Cayuse’s first plantings were on a 10 feet x 4 feet grid (1089 vines/acre), the second plantings were 6 feet x 4 feet (1815 vines/acre) followed by 3.5 feet x 3.5 feet (3555 vines/acre) with the latest vineyard boasting a tight 3 feet x 3 feet (4840 vines/acre) layout. The latter is planted with Syrah and worked by horses, “it preserves the old ways but is also efficient for such a tight grid”.  

The tasting was held in the winery with Christophe and his assistant vigneronne Elizabeth Bourcier holding centre stage with a cast of 12 wines;

God Only Knows Grenache 2012, Cailloux Vineyard Syrah 2013, Bionic Frog 2010, 2006 Armada Vineyard Syrah, 1999 Cailloux Vineyard Syrah, 2003 The Widowmaker (100% Cabernet Sauvignon), 2008 Impulsivo (100% Tempranillo), No Girls 2009 Syrah, Horsepower Vineyards 2013 Sur Echalas Vineyard Grenache, Horsepower Vineyards 2013 Sur Echalas Vineyard Syrah, Horsepower Vineyards 2011 The Tribe Vineyard Syrah and Hors Categorie Vineyard Syrah 2014.

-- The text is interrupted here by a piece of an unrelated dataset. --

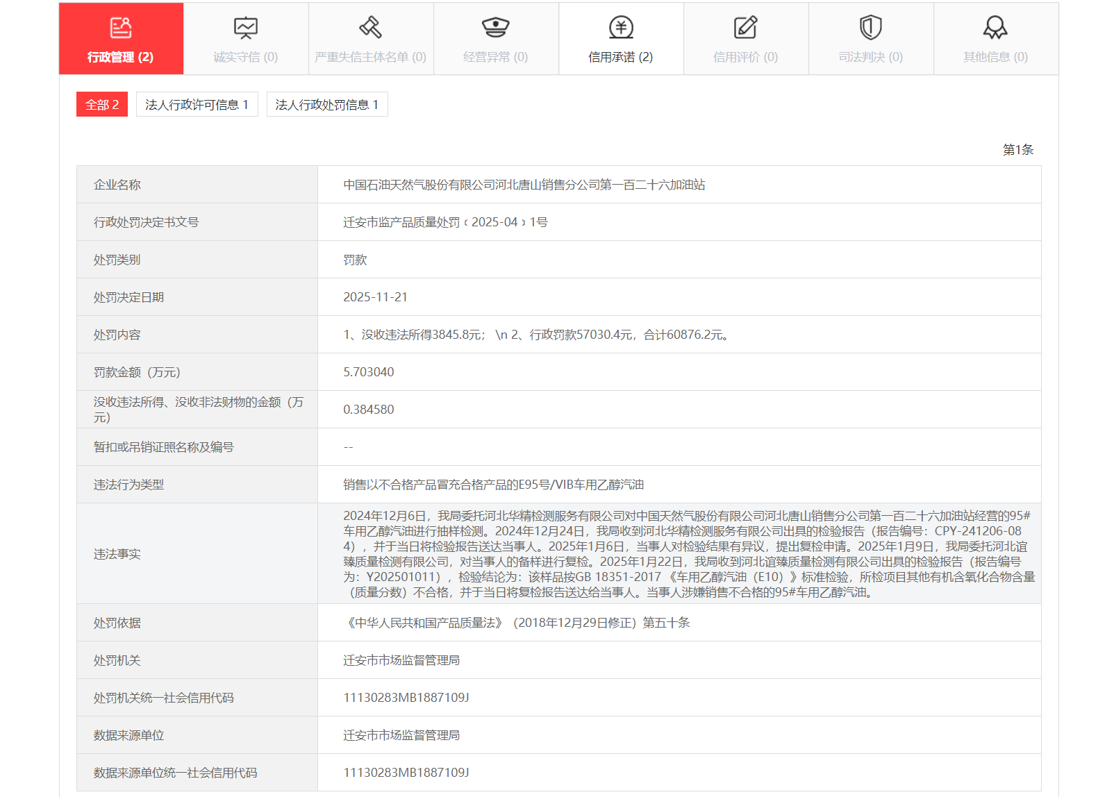 行政处罚决定书显示,当事人违法行为类型:销售以不合格产品冒充合格产品的E95号/VIB车用乙醇汽油。违法事实:2024年12月6日,迁安市市场监督管理局委托河北华精检测服务有限公司对中国天然气股份有限公司河北唐山销售分公司第一百二十六加油站经营的95#车用乙醇汽油进行抽样检测。2024年12月24日,迁安市市场监督管理局收到河北华精检测服务有限公司出具的检验报告(报告编号:CPY-241206-084),并于当日将检验报告送达当事人。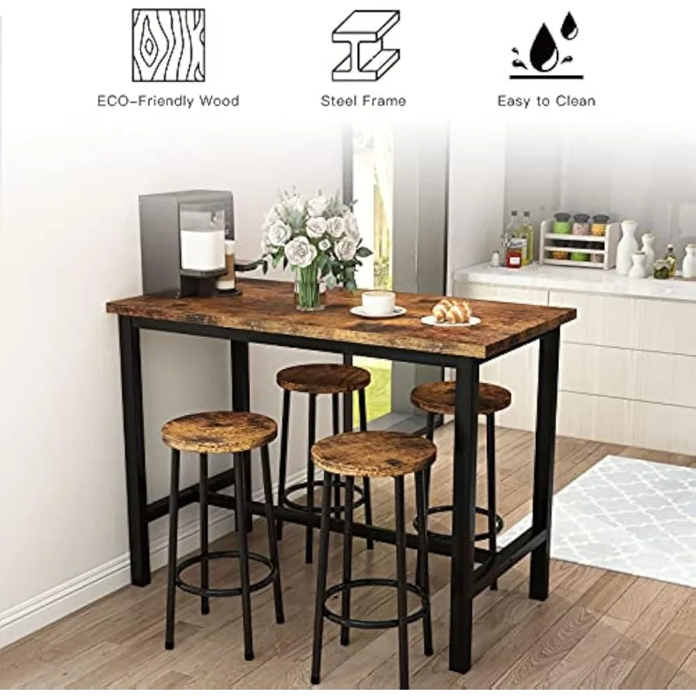 Table Set for 4 Bar with Stools Industrial Counter Height

To compliment biodynamic farming and hand harvesting, in the winery Christophe and Elizabeth favour “native yeast primary fermentation and native MLB, concrete fermentation, punchdowns and pumpovers, cuvaison of 2-3 weeks, partial whole cluster, ageing in French demi-muid and foudre” for the majority of the wines. The exceptions were the 2008 Impulsivo and the 2003 The Widowmaker which were destemmed.

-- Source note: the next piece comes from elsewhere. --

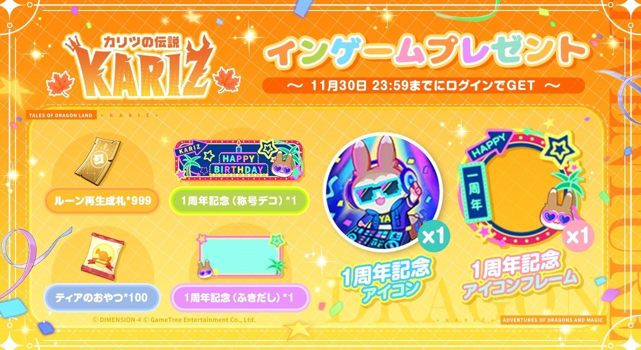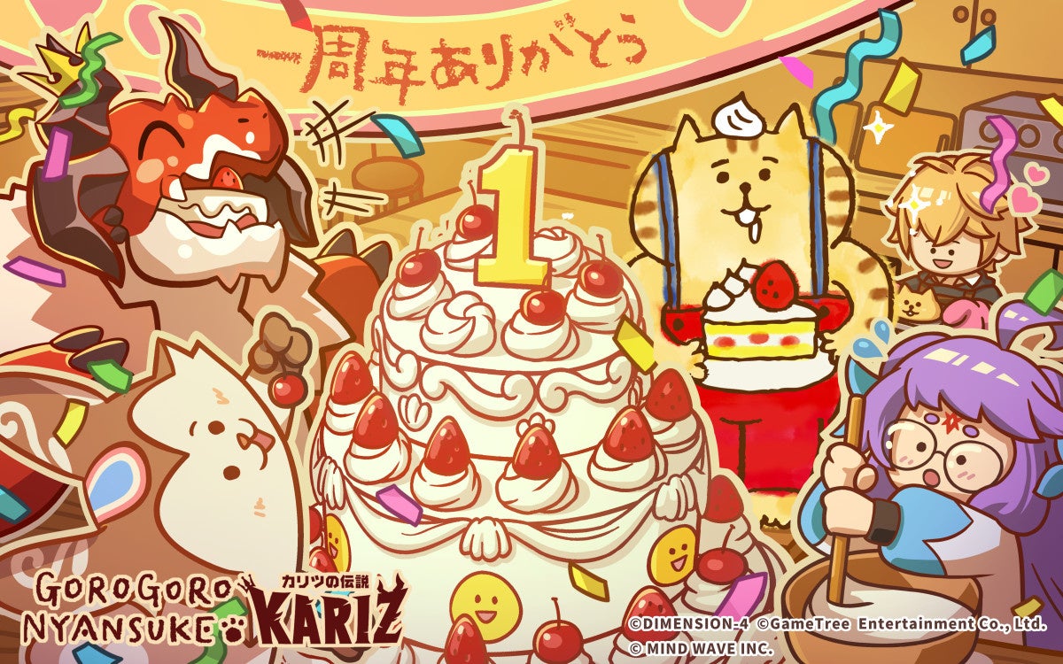 ZlongameとGameTreeは、竜と暮らす冒険RPG『KARIZ -カリツの伝説-』(以下:カリツの伝説、カリツ)が2024年11月8日(金)にアプリ配信開始から一周年を迎えることを記念し、狩竜士の皆様へ感謝の気持ちを込め11月6日(水)よりゲーム内・外でアニバーサリーイベントを開催するとともに、『ごろごろにゃんすけ』とのコラボレーションイベントを開始することをお知らせします。
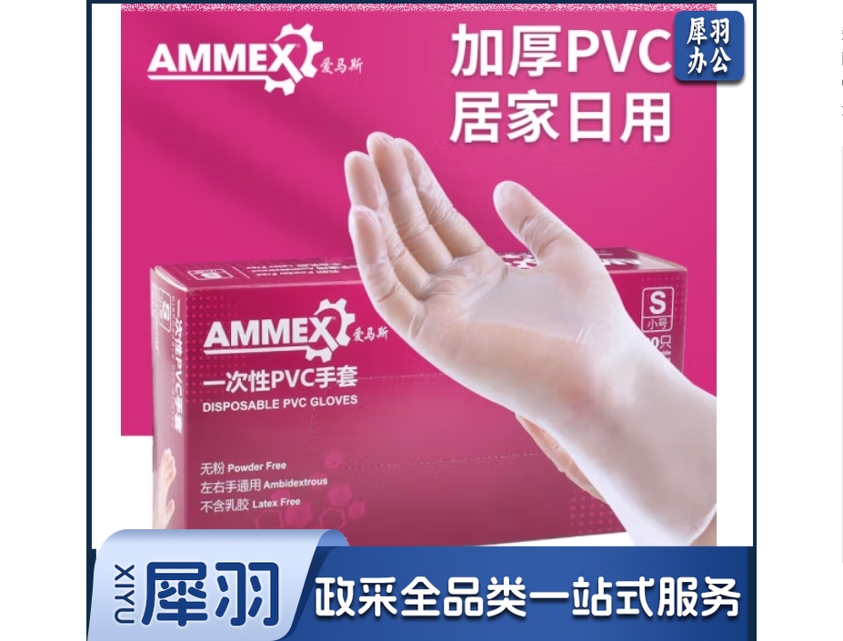 爱马斯 一次性PVC手套 防水防滑 劳保日常多用途 GPX3KRT大码100只/盒

When it came to the wines, as with most visits the opinions of the group were healthily varied. I liked them … my notes included “similar wine style over the varieties - good intensity of juicy red and black fruits, liquorice overtones, friendly tannins, balanced oak, wines aged well - hellishly moreish … a bottle would disappear very quickly”. That said, these biodynamic beauties come at a price, ranging from $75 (No Girls 2009 Syrah) through $120 (Horsepower Vineyards 2013 Sur Echalas Vineyard Grenache) to the 2014 Hors Categorie Vineyard Syrah which sports a $250 price tag.  

Christophe Baron and Cayuse were one of my highlights of the trip; his enthusiasm in both vineyard and winery was infectious and ensured that we didn’t leave with a fuzzy memory of the wines or without an understanding, sense or feeling of the estate … just the opposite, when I close my eyes I can still ‘taste’ the wines and I’m back amongst the cobblestones and horses.